- Nevada casino operators asked to carry out risk assessment of systems
- NGCB wants casino operators to be fully protected against cyberattacks
- Smaller casino operators feel an annual risk assessment is too expensive for them
After an FBI warning about growing cyberattacks that prompted many tribal casinos to close in several states since 2020, the Nevada Gaming Control Board (NGCB) has asked casino operators perform a risk assessment to protect their information systems.
The NGCB made the suggestions in a workshop held earlier this week.
NGCB Chairman Highlights Importance of Regulations
The NGCB recommended casino operators to look out for any breach that compromised sensitive player information and employee records. Operators were asked to report such infringements to regulatory authorities within 3 days of spotting them. NGCB chairman Brin Gibson emphasized the importance of cybersecurity regulations to make more informed decisions.
The recommendations come in the wake of several cyberattacks on casinos in New Arizona, California, Oklahoma, and Wisconsin, causing damages worth millions. The regulations will apply to interactive gaming, sportsbook, and non-restricted licensees. The new regulations could get rolled out from January 1, 2023, if approved by the Nevada Gaming Commission in a meeting on October 20, during the Cybersecurity Awareness Month.

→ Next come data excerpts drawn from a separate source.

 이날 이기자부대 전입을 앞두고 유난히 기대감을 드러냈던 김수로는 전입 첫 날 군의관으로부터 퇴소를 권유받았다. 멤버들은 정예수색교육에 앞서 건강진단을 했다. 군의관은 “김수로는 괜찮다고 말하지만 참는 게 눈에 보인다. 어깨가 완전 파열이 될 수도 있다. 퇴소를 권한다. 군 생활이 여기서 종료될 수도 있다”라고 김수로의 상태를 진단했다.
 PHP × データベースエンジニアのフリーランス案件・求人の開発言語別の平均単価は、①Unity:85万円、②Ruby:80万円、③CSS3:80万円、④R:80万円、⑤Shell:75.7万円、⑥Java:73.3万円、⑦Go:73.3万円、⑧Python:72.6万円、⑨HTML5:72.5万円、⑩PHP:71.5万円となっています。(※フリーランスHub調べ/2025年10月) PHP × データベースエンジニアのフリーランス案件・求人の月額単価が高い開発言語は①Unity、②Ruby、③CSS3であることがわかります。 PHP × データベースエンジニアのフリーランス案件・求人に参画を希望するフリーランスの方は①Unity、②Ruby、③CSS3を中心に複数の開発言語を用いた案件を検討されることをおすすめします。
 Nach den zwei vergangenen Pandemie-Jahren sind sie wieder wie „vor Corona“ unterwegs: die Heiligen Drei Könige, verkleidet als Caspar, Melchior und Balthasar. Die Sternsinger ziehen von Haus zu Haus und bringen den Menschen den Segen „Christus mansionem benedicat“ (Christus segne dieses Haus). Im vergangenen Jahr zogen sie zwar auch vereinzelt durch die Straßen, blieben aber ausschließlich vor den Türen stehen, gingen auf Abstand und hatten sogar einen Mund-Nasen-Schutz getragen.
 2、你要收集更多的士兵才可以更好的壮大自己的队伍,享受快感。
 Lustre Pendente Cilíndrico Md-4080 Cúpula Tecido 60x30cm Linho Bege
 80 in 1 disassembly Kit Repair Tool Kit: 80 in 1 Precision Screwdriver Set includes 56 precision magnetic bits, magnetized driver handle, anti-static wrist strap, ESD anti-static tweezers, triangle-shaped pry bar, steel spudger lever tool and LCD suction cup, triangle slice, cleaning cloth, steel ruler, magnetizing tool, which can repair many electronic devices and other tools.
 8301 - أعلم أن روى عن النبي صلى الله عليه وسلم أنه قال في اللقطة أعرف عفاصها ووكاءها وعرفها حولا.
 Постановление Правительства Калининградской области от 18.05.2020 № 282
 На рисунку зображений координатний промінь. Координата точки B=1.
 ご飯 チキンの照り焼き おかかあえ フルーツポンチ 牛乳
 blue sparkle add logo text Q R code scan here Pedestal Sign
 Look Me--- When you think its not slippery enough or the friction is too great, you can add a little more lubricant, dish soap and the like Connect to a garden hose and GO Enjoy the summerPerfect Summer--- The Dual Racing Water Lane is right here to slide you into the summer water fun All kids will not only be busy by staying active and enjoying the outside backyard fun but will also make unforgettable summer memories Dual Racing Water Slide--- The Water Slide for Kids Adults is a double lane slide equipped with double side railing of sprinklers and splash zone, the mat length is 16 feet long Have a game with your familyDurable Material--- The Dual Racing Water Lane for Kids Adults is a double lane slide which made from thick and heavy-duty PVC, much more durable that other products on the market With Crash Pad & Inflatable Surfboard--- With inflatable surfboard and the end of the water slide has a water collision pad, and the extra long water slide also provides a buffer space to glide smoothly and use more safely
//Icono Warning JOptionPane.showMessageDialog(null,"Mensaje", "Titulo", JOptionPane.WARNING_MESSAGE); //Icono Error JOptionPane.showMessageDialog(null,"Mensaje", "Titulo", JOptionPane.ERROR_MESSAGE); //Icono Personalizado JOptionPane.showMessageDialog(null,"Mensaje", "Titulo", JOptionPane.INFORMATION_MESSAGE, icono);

The regulations state the requirement of an internal auditor with cybersecurity expertise to observe documents, conduct inquiries and determine the best procedures and practices. Besides an experienced auditor, an accountant will conduct, and attest a review of the practices. Gibson further clarified that any negligence will be promptly reviewed and dealt with under the provisions of Regulation 5, which oversees how gaming entities are operated.
Companies in Las Vegas have already performed risk assessments to keep hackers at bay. Gibson said that entities should perform annual or semi-annual risk assessments even if the regulations don’t necessitate it. Single property licensees such as Boyd Gaming and South Point deemed annual risk assessments an unfair and expensive exercise for entities like them as it would require a lot of planning. They prefer if the assessment could be conducted every two or three years instead of the annual basis recommended by the regulators.
NGCB’s Jim Barbee Cautions Against Delay
NGCB technology division chief Jim Barbee cautioned casino operators against delaying risk assessment as it might render them more vulnerable to risks. The regulator required licensees to conduct a baseline procedure to recognize if mitigation controls are needed.
Entities like Boyd also sought the revision of how cyberattacks were defined, besides clarifying the regulations, the NGCB noted. South Point suggested that the regulations should be effective after November 1, 2024.